It is technically spring break, no classes, and they are trying to get the workaholic Japanese folk to go home. I'm just waiting for someone to leave. I don't want to be first all the time.
And the "working super hard" is usually reduced to "working" and only in a limited sense. If you are at your desk and the computer is turned on, they tend to be happy. Took me a long time to figure that out.
These guys working 70 hours a week. They were reading email and browsing the web.
Head teacher just said, "come on guys, go home already."
I'm gone, see you later.
When I was working at Kokusai Gaigo, the Japanese working twelve hour days weren't getting anymore work done than we lazy foreigners only working eight. It was just a contest. First one to go home lost. (We had a separate office, so our leaving didn't end the game.)
When I was at Nova ICI, I had a student who was an engineer working at, surprisingly enough, an engineering firm. Their branch manager spent a lot of time dealing with foreign firms, and he tried importing the idea of flexible hours. Workers could come in earlier and leave earlier, come later and leave later, or work longer hours fewer days. It was a great success. The workforce was happy. Productivity went up. Errors and costs went down. But they had to scrap the program. Sometimes when another firm called, the person they wanted to speak to wasn't in the office. The firm got a reputation for being a bunch of slackers.

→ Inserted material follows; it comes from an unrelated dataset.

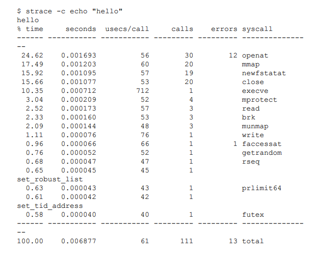 For example, even a simple command like using cat to print the word hello involves more than 100 system calls:
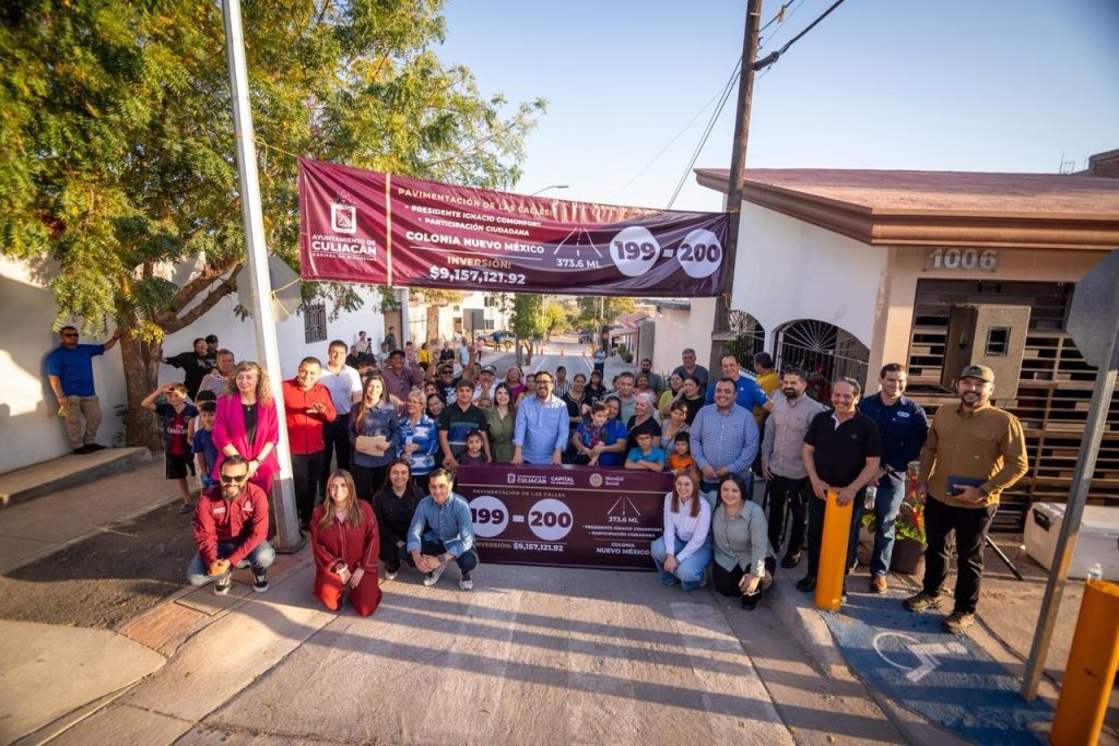 Culiacán, Sinaloa., a 20 de marzo de 2026.– Vecinos de la colonia Nuevo México cuentan ya con nuevas vialidades tras la entrega de la pavimentación de las calles 199 y 200, ubicadas en los tramos Presidente Ignacio Comonfort y Participación Ciudadana, rompiendo un ayuno de 50 años sin nuevas obras viales en el sector.

I mentioned that at Kokusai Gaigo we foreigners had our own little ghetto office. The building was grossly over-lit. Enough to make you squint. The top foot or so of the wall was a strip of windows onto the hallway. We left the lights out in our office and the light coming from the hallway was more than sufficient. Whenever a local teacher, staff, or student came into our office and saw the lights out, they would patiently take one of us by the hand, show us where the light switch was and how it worked. Eventually we took to telling them that because blue-eyed people got more light through the coloured part of their eyes, they didn't need as much light to see by. This was also, we explained, why blue-eyed people more often suffered from red eye in flash photographs.
So, if a Japanese person ever tells you that blue-eyed people can see in the dark, I started that in 1990 because I got tired of being shown how a light switch worked.